An exact reproduction of the listing, minus the pictures, is the required output.

COLLECTED MATERIAL:

....

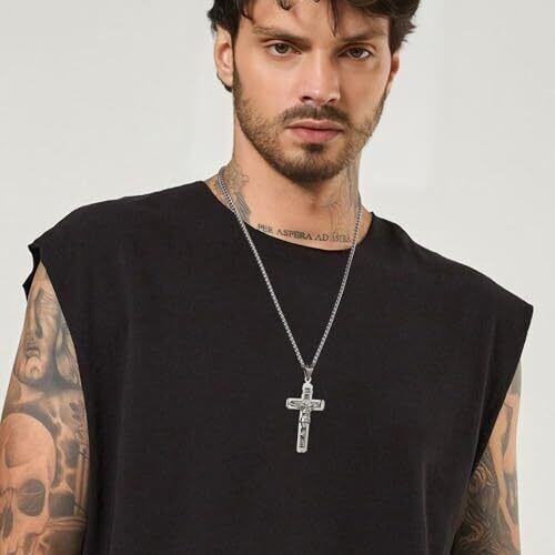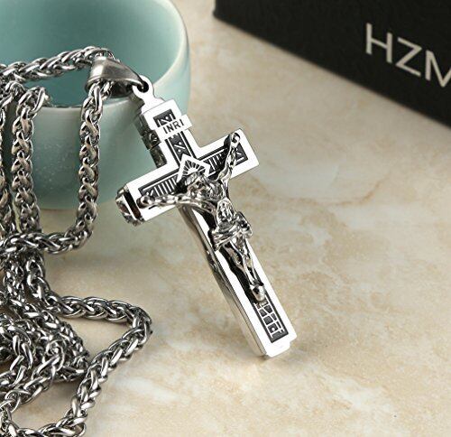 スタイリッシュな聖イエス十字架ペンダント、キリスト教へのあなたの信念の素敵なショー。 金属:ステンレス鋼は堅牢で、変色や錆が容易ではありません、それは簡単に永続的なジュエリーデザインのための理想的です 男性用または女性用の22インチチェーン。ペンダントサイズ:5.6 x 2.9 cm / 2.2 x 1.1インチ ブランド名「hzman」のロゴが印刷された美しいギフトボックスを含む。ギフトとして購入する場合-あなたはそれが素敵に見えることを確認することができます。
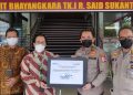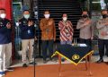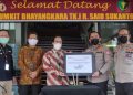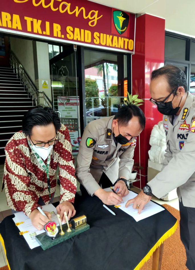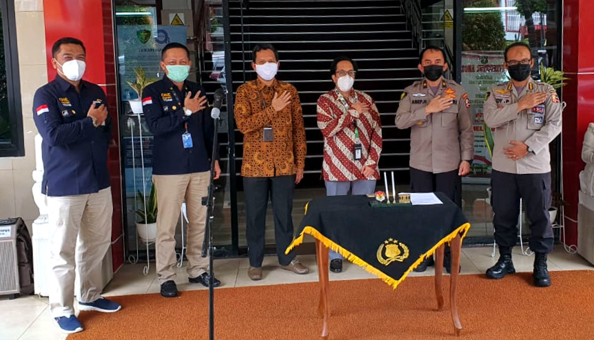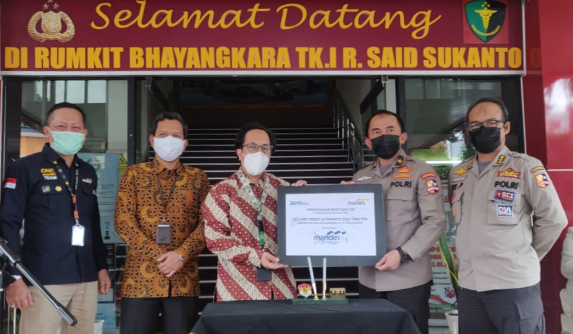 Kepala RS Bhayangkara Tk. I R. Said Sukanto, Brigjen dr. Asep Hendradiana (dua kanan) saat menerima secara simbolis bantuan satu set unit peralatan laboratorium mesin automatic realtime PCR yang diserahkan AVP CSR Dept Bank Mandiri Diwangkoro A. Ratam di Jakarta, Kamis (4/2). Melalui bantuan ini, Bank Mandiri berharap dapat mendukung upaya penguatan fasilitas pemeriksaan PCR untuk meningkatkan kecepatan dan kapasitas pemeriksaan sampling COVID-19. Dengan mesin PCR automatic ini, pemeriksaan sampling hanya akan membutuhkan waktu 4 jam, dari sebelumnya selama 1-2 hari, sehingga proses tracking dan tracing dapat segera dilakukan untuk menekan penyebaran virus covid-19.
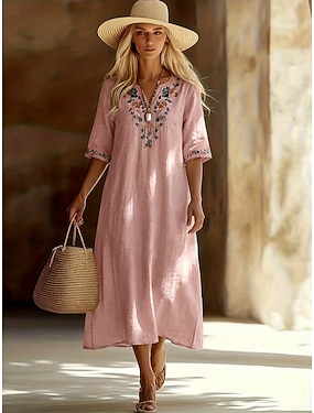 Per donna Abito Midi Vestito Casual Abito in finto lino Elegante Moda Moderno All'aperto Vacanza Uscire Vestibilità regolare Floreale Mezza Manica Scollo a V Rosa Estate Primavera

....

WRITTEN SOLUTION:
 スタイリッシュな聖イエス十字架ペンダント、キリスト教へのあなたの信念の素敵なショー。 金属:ステンレス鋼は堅牢で、変色や錆が容易ではありません、それは簡単に永続的なジュエリーデザインのための理想的です 男性用または女性用の22インチチェーン。ペンダントサイズ:5.6 x 2.9 cm / 2.2 x 1.1インチ ブランド名「hzman」のロゴが印刷された美しいギフトボックスを含む。ギフトとして購入する場合-あなたはそれが素敵に見えることを確認することができます。
 Kepala RS Bhayangkara Tk. I R. Said Sukanto, Brigjen dr. Asep Hendradiana (dua kanan) saat menerima secara simbolis bantuan satu set unit peralatan laboratorium mesin automatic realtime PCR yang diserahkan AVP CSR Dept Bank Mandiri Diwangkoro A. Ratam di Jakarta, Kamis (4/2). Melalui bantuan ini, Bank Mandiri berharap dapat mendukung upaya penguatan fasilitas pemeriksaan PCR untuk meningkatkan kecepatan dan kapasitas pemeriksaan sampling COVID-19. Dengan mesin PCR automatic ini, pemeriksaan sampling hanya akan membutuhkan waktu 4 jam, dari sebelumnya selama 1-2 hari, sehingga proses tracking dan tracing dapat segera dilakukan untuk menekan penyebaran virus covid-19.
 Per donna Abito Midi Vestito Casual Abito in finto lino Elegante Moda Moderno All'aperto Vacanza Uscire Vestibilità regolare Floreale Mezza Manica Scollo a V Rosa Estate Primavera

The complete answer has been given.